Exercise prompt: Go over the records and copy every line with the string "farm".

+ + +

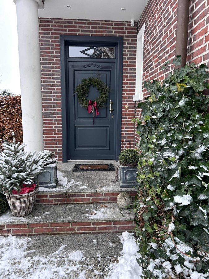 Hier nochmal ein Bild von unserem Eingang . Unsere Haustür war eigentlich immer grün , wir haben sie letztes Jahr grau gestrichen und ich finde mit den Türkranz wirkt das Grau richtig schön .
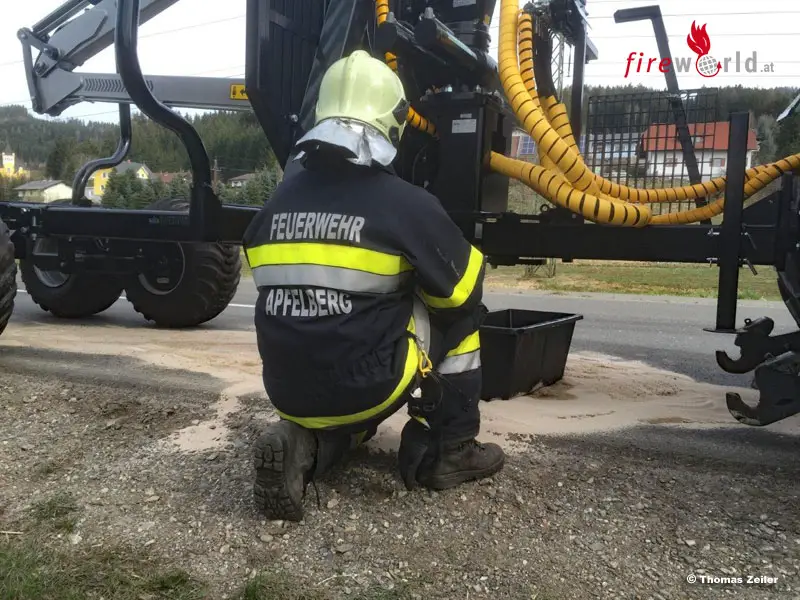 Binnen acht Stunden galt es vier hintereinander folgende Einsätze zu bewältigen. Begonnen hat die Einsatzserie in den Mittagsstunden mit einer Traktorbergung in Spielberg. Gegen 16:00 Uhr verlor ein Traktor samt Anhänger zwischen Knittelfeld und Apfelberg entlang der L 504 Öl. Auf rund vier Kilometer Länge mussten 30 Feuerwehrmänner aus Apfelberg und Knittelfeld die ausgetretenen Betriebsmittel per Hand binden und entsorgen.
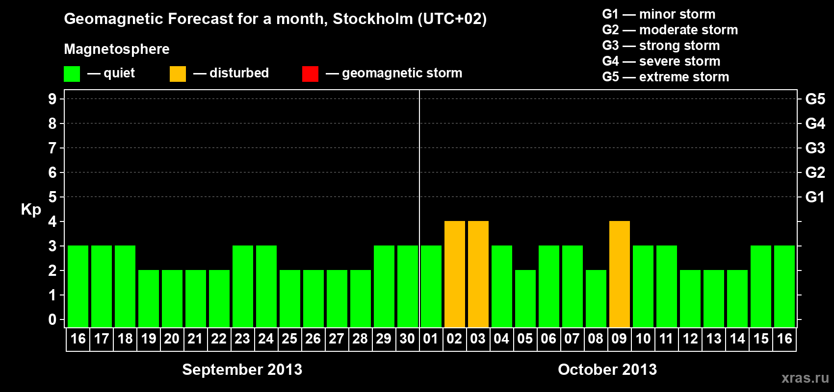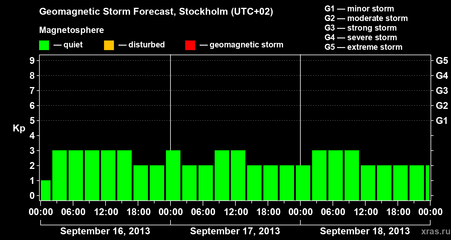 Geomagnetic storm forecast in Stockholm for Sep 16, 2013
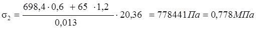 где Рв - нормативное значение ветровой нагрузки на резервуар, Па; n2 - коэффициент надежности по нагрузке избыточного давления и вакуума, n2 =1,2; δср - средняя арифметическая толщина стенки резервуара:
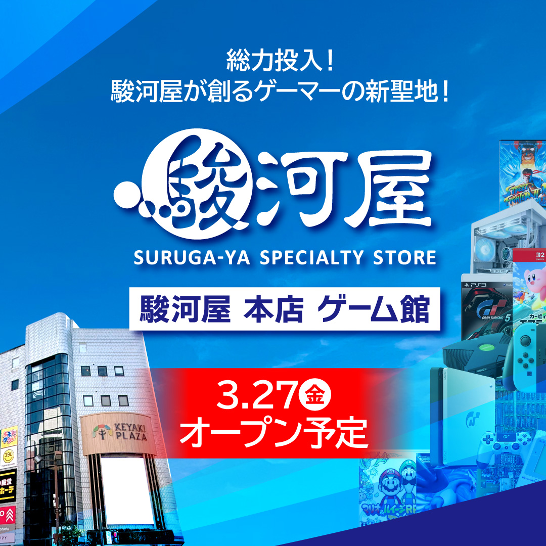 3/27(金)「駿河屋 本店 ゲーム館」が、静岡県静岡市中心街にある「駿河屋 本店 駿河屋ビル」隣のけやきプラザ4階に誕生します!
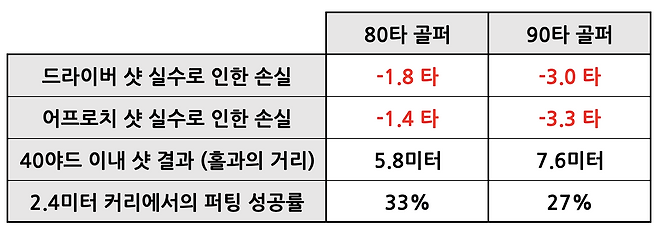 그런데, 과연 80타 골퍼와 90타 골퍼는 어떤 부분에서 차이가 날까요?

+ + +

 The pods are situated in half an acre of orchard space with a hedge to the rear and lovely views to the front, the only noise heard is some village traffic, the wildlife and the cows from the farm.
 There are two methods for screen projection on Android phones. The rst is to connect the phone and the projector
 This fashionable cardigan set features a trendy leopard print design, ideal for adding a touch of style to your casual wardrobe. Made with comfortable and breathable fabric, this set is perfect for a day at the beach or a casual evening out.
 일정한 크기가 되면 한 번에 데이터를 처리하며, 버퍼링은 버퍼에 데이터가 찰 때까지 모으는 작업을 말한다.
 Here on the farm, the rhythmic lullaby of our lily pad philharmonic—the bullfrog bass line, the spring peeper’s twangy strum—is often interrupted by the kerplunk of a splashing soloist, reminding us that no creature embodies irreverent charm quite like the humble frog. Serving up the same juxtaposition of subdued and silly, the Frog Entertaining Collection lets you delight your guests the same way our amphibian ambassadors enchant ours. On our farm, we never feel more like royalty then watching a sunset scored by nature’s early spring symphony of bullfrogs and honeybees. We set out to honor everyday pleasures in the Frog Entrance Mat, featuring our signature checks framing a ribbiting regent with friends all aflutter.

+ + +

Solution for this task:
 The pods are situated in half an acre of orchard space with a hedge to the rear and lovely views to the front, the only noise heard is some village traffic, the wildlife and the cows from the farm.
 Here on the farm, the rhythmic lullaby of our lily pad philharmonic—the bullfrog bass line, the spring peeper’s twangy strum—is often interrupted by the kerplunk of a splashing soloist, reminding us that no creature embodies irreverent charm quite like the humble frog. Serving up the same juxtaposition of subdued and silly, the Frog Entertaining Collection lets you delight your guests the same way our amphibian ambassadors enchant ours. On our farm, we never feel more like royalty then watching a sunset scored by nature’s early spring symphony of bullfrogs and honeybees. We set out to honor everyday pleasures in the Frog Entrance Mat, featuring our signature checks framing a ribbiting regent with friends all aflutter.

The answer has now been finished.